Given information
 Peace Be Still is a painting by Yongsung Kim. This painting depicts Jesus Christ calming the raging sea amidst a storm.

==

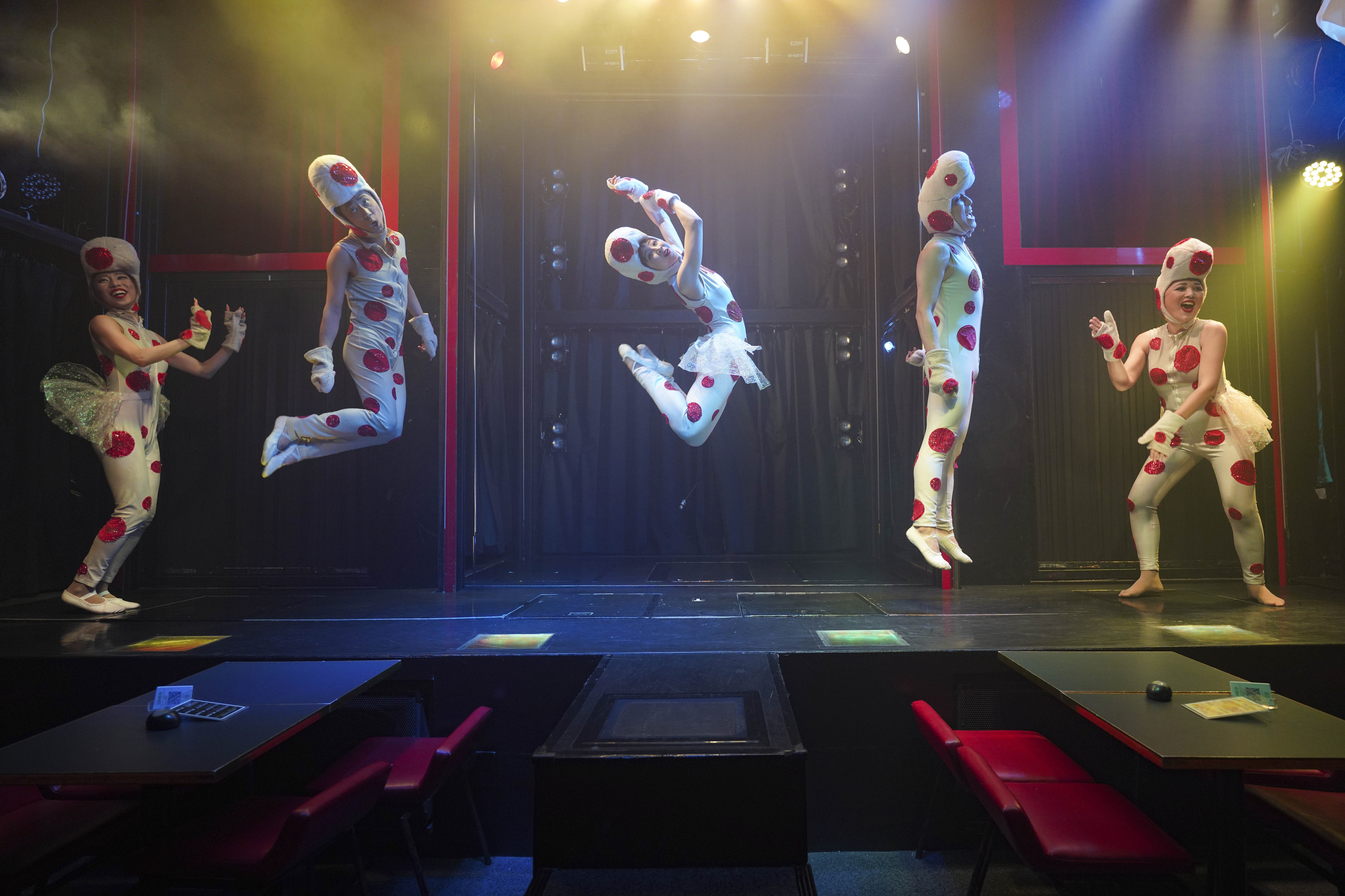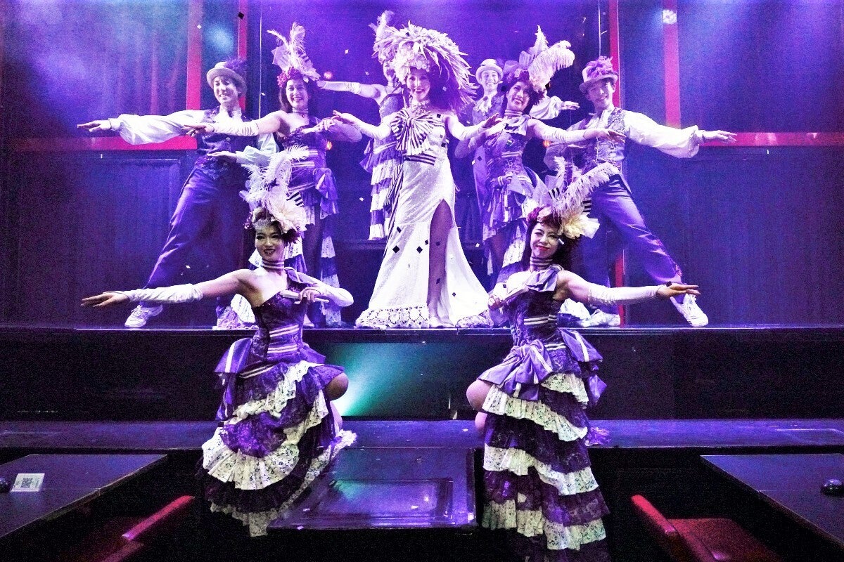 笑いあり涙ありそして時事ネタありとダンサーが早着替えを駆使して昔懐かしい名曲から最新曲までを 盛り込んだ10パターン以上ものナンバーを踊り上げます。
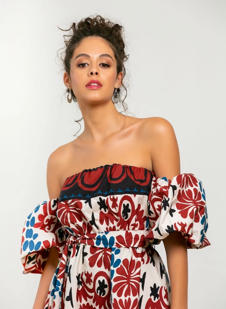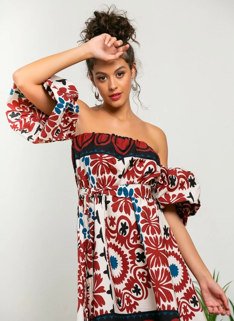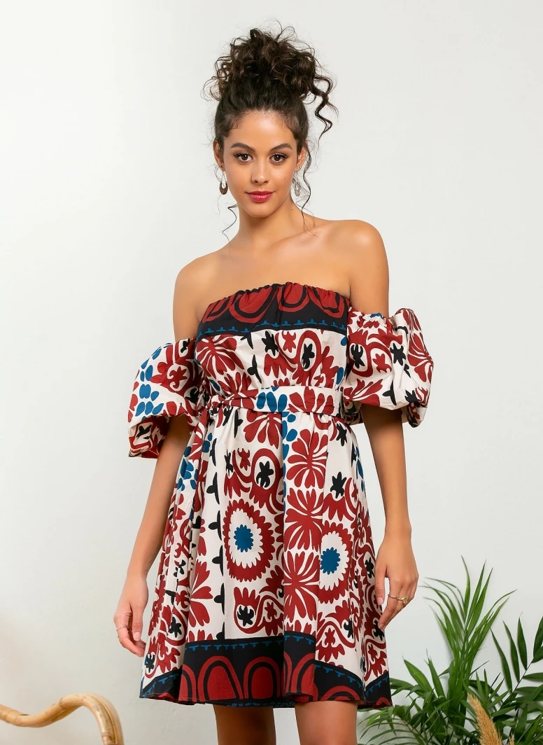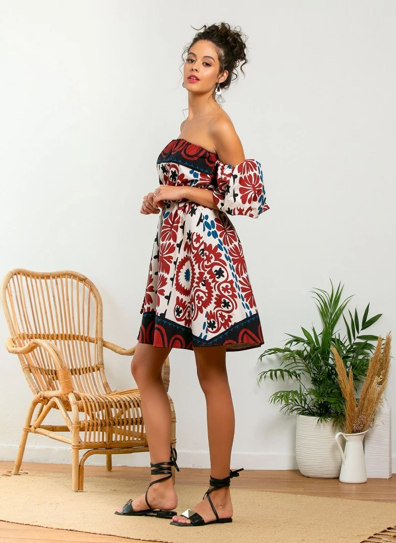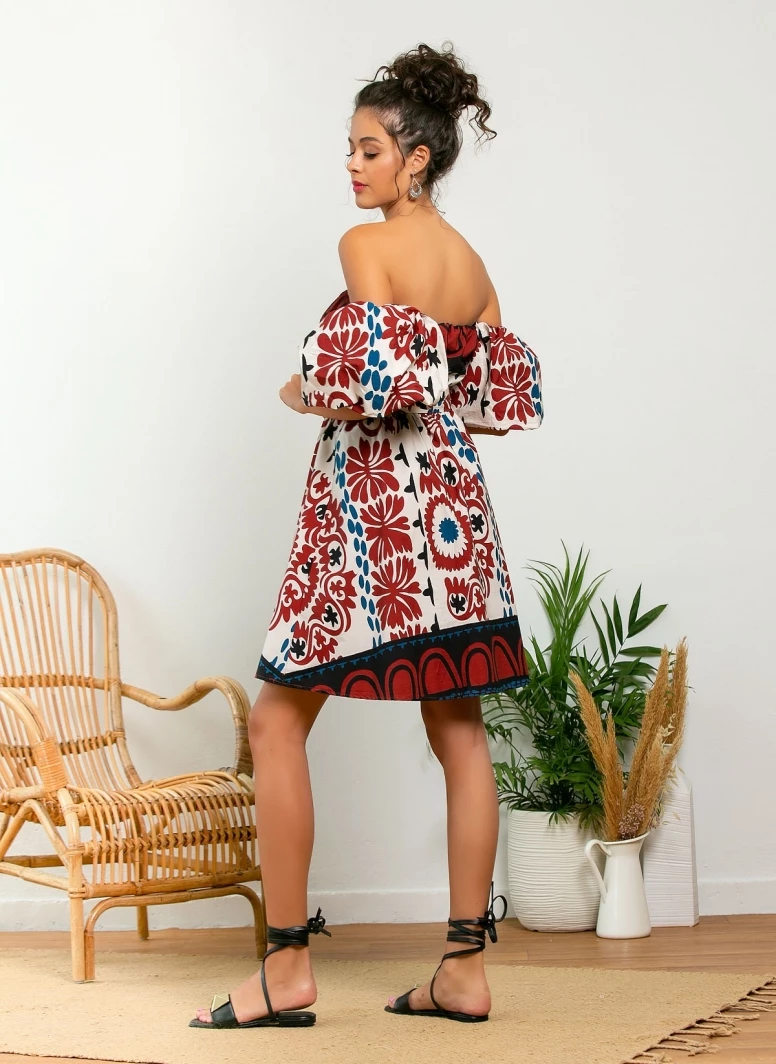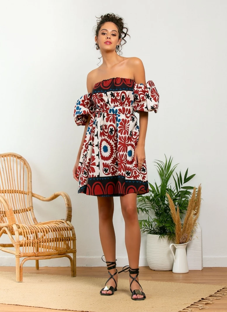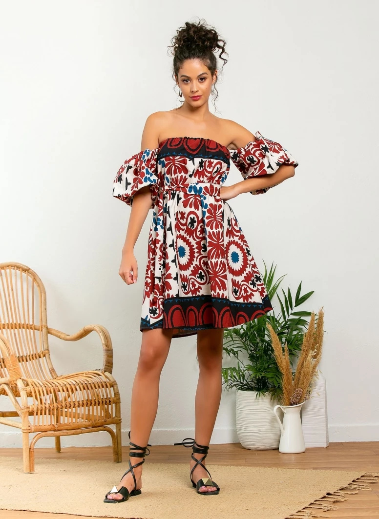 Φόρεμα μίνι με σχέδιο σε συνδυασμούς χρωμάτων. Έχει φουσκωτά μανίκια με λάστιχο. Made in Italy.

Activity
Within the listing above, copy exactly the lines that start at the one with "笑いあり涙ありそして時事ネタ" and continue through the one with "Φόρεμα μίνι με". Omit pictures.

Response area
 笑いあり涙ありそして時事ネタありとダンサーが早着替えを駆使して昔懐かしい名曲から最新曲までを 盛り込んだ10パターン以上ものナンバーを踊り上げます。
 Φόρεμα μίνι με σχέδιο σε συνδυασμούς χρωμάτων. Έχει φουσκωτά μανίκια με λάστιχο. Made in Italy.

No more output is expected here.